Wir, ich meine hier die Linke im breiten Sinn, die sozialen Bewegungen, die Gewerkschaften, die Frauenbewegungen und die Parteien, haben auf diesem Weg einiges erreicht. Trotzdem müssen wir uns klar machen, dass es uns bislang nicht geglückt ist, den eisernen Ring der Austerität zu zerbrechen, der um Europas Gesellschaften gelegt ist.
Die politische Dynamik geht in der europäischen Krise noch zu wenig von der radikalen Linken und zu stark von der radikalen, nationalistischen Rechten aus. Noch ist es uns nicht gelungen, aus dieser Gefahr den Weg zu einer europäischen Alternative zu öffnen.
Der dem Kongress vorliegende Vorschlag, ein jährliches Forum der linken und alternativen Kräfte abzuhalten, kann sich zu einer wichtigen Initiative in dieser Richtung entwickeln, wenn wir alle gemeinsam und konzentriert darauf hinarbeiten.

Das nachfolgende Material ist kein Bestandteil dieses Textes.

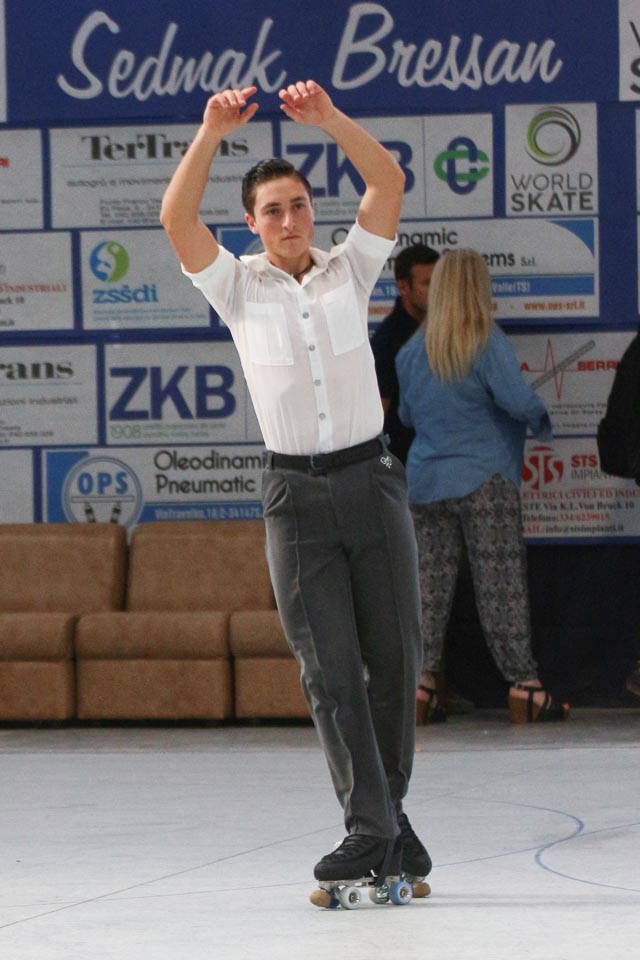 La seconda giornata del Memorial Sedmak – Bressan è iniziata all’alba con le gare negli esercizi obbligatori. Il livello tecnico era alto in tutte le categorie. Nella categoria senior femminile, vittoria netta della Campionessa del Mondo, l’argentina Anabella Mendoz, che ha gareggiato in modo impeccabile. A secondo posto si è piazzata Valeria Barossi, che ha presentato degli esercizi di ottimo livello, gareggiando a livelli vicini alla Mendoz. Al terzo posto si è piazzata la goriziana Ilaria Donati Dalla Lunga, al suo primo anno di categoria. Nella categoria seniores maschile, vittoria dell’argentino Guillermo Marconi, che ha presentato esercizi di ottima levatura. Nella categoria junior femminile ha vinto l’argentina Sofia Matich battendo la russa Viktoria Panfilova e l’argentina Carolina Burwan. Vittoria sud americana anche nella categoria junior maschile. Il colombiano Bravan Carreno ha avuto la meglio sull’italiano Matteo Fabris. Tra le jeunesse, podio interamente italiano. Il primo posto è andato alla belloni, seguita dalla Turrin e Cettul. Vittoria per la tedesca Tamiona De Silva nella categoria cadetti, che ha vinto una sfida ristretta a quattro pattinatrici, battendo rispettivamente la colombiana Lince, l’argentina Lang e l’italiana Mazzoni. Buon livello anche nelle categorie inferiori, dove le sfide per il podio erano riservate ad atleti italiani, tedeschi e sloveni.

Wir brauchen einen Raum der Linken, in dem sich die verschiedenen Initiativen – Diem25, Plan B, AlterSummit, Blockupy etc., Gewerkschaften, Bewegungen und politische Parteien – finden. Wir brauchen respektvolle Debatten, die weniger darauf gerichtet sind, uns gegenseitig von der Richtigkeit der eigenen Standpunkte zu überzeugen, sondern darauf, im Argument des Anderen einen nützlichen Beitrag zur Bestimmung einer gemeinsamen Strategie zu erkennen.
Das Klima in Europa hat sich verändert. Euro-Skeptizismus hat nicht nur in den Bevölkerungen, sondern auch in der Linken an Einfluss gewonnen.
Die Desillusionierung über die real existierende EU hat etwas Heilsames, aber nur dann, wenn wir nicht in eine andere Illusion verfallen und glauben, dass ein Scheitern der europäischen Integration Europa und die Welt der Lösung der großen Probleme, vor denen die Gesellschaften stehen – Klimawandel, globale Ungleichheit, Flucht und Migration, Kriegsgefahr, Aufhebung der Geschlechterbenachteiligung – auch nur einen Zentimeter näher brächte. Nichts würde sich daran ändern, ein auf Nationalismus aufbauendes Europa wäre um nichts weniger kapitalistisch und imperialistisch!
Wir wollen und wir werden die Rechte unserer Völker verteidigen, im Rahmen der demokratischen Möglichkeiten der nationalen Demokratien ihre Zukunft zu bestimmen, aber wir werden keine Nationalisten werden. Demokratie im nationalstaatlichen Rahmen und transnationale Demokratien stellen keinen Gegensatz dar, sondern müssen einander ergänzen.
Es ist ein bequemes Vorurteil, dass Geschichte sich nicht wiederholen könne. Selbst Marx, der uns versprochen hat, dass geschichtliche Tragödien sich als Farce wiederholen, muss nicht unbedingt Recht halten. Manchmal wiederholen sich Tragödien auch als Tragödien.
Europas Geschichte gleicht einem neurotischen Zyklus, in dem ungelöste Konflikte, angereichert durch neue Widersprühe, immer wieder kehren und sich in Krisen und Erschütterungen entladen haben.
Das ist es, was uns die heutigen Kriege und vor allem das Anwachsen einer autoritären, nationalistischen Rechten in ganz Europa vor allem lehren.
Diese Gefahr ist es, die unserer Strategie neue Parameter setzt und die unsere Verantwortung in der vor uns liegenden Periode definiert.
Europa ist Teil einer globalen Transformation, die alle politischen und weltanschaulichen Kräfte, Sozialdemokratie, Grüne, Gewerkschaften, Kirchen und Religionsgemeinschaften, Künstler_innen und Intellektuelle auf die historische Probe stellt.
Wir sollten mit allen Kräften guten Willens in ehrlichen Dialog eintreten. Wir sollten dabei bleiben, was wir sind. Wir sind keine Populist_innen. Wir sind Linke, Sozialist_innen, Kommunist_innen, Feminist_innen und Internationalist_innen.
Rede vom 16. Dezember am 5. Parteitag der Partei der Europäischen Linken (EL) in Berlin.